—Order and judgment unanimously modified on the law and as modified affirmed without costs in accordance with the following Memorandum: Since 1990, plaintiff has been an assistant professor at defendant college. Plaintiff is disabled from a post-polio condition. In 1993, plaintiffs application for a promotion was denied. In 1998, plaintiff commenced this action against defendant alleging violations of the Americans with Disabilities Act ([ADA] 42 USC § 12101 et seq.) and the Human Rights Law (Executive Law art 15). Supreme Court properly granted that part of defendant’s motion seeking dismissal of the complaint as time-barred insofar as it alleges discrimination based on the denial of plaintiffs application for a promotion. The court erred, however, in granting that part of defendant’s motion seeking dismissal of the complaint insofar as it alleges failure to provide reasonable accommodations under the Human Rights Law as of January 1, 1998 as part of an ongoing policy of discrimination.
The ADA has a 300-day Statute of Limitations (see, 42 USC § 20Q0e-5 [e] [1]), and the Human Rights Law has a three-year Statute of Limitations (see, CPLR 214 [2]). Because the Statute of Limitations for the Human Rights Law is tolled during the pendency of a complaint filed with the New York State Division of Human Rights (see, Penman v Pan Am. World Airways, 69 NY2d 989), the limitations’ period was tolled beginning May 28, 1998, the date on which plaintiff filed his complaint with the Equal Employment Opportunity Commission (EEOC) (see, CPLR 204 [a]; Sunshine v Long Is. Univ., 862 F Supp 26, 30 [charge filed with EEOC is deemed filed with State Division of Human Rights]).

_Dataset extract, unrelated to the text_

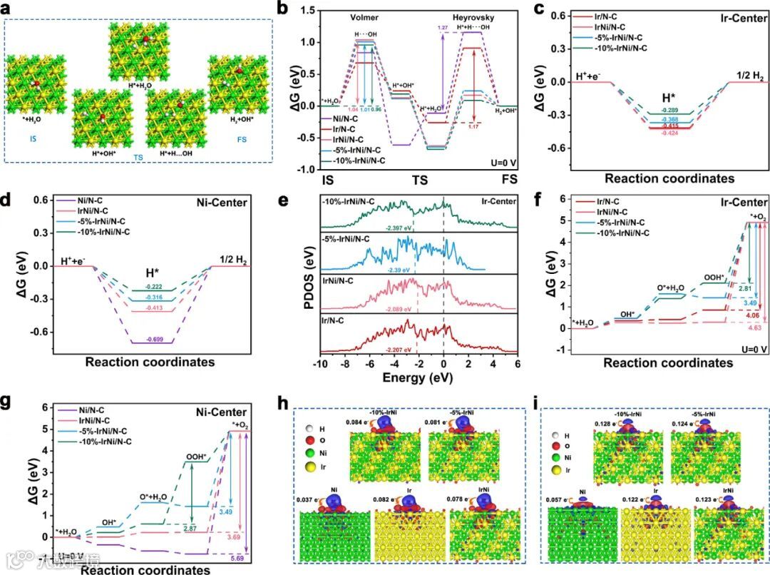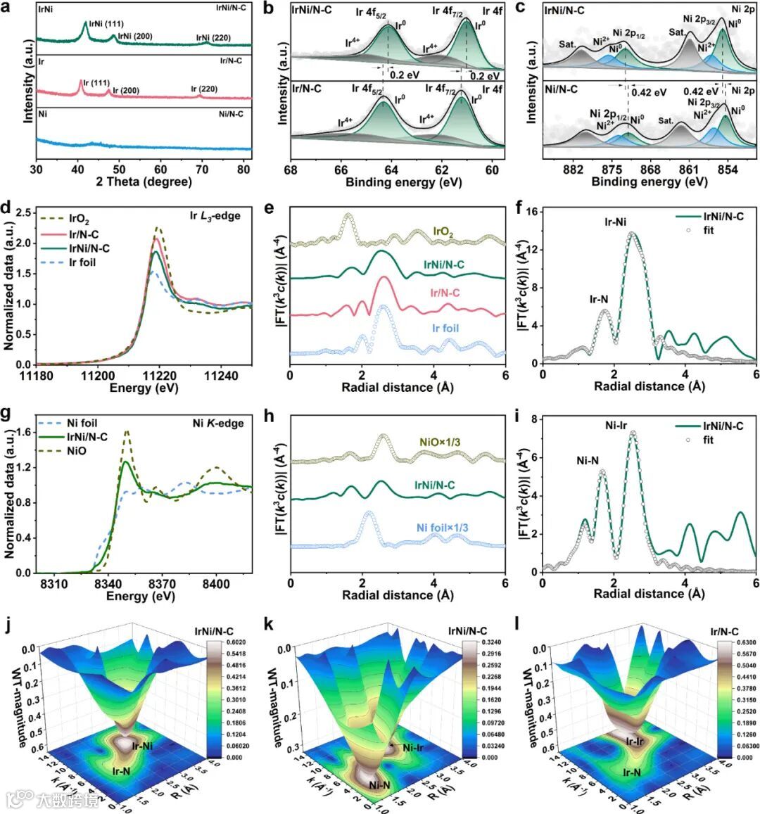 X射线衍射(XRD)和X射线光电子能谱(XPS)分析表明,IrNi/N–C的晶格参数因Ni的插入而收缩,Ir和Ni之间存在显著的电子转移,Ir的价态降低,Ni的价态升高。这种电子重新分布优化了催化剂的表面电子性质,增强了对反应中间体的吸附能力,从而提高了催化效率。

Even with the tolled period, plaintiffs action insofar as it alleges discrimination based on the denial of plaintiffs application for a promotion is time-barred, because the alleged violations of the ADA occurred prior to August 2, 1997 and the alleged violations of the Human Rights Law occurred prior to May 28, 1995. Plaintiff contends that the denial of his promotion was a continuous act of discrimination. However, the denial of plaintiffs promotion in 1993 was a single act and thus does not fall within the continuing violation exception to the title VII limitations’ period for EEOC claims as part of an ongoing policy of discrimination (see, Carrasco v New York City Off-Track Betting Corp., 858 F Supp 28, 31-32, affd 50 F3d 3; see generally, Matter of Russell Sage Coll, v State Div. of Human Rights, 45 AD2d 153, affd 36 NY2d 985).
*900Plaintiff also contends that defendant failed to provide reasonable accommodations. Because plaintiff did not include in his EEOC complaint his present ADA claims based on that alleged failure, the court properly dismissed them based on its lack of jurisdiction to determine them (see, Butts v City of New York Dept, of Hous. Preservation & Dev., 990 F2d 1397). The Legislature did not amend Executive Law § 292 (21) to impose a duty on employers to provide reasonable accommodations until January 1, 1998 (see, L 1997, ch 269, §§ 1, 5). Thus, as conceded by defendant, the order and judgment must be modified by denying defendant’s motion in part and reinstating the complaint insofar as it alleges that, as of January 1, 1998, defendant failed to provide reasonable accommodations under the Human Rights Law as part of an ongoing policy of discrimination. (Appeal from Order and Judgment of Supreme Court, Erie County, Mintz, J. — Summary Judgment.) Present — Green, J. P., Hayes, Hurlbutt, Balio and Lawton, JJ.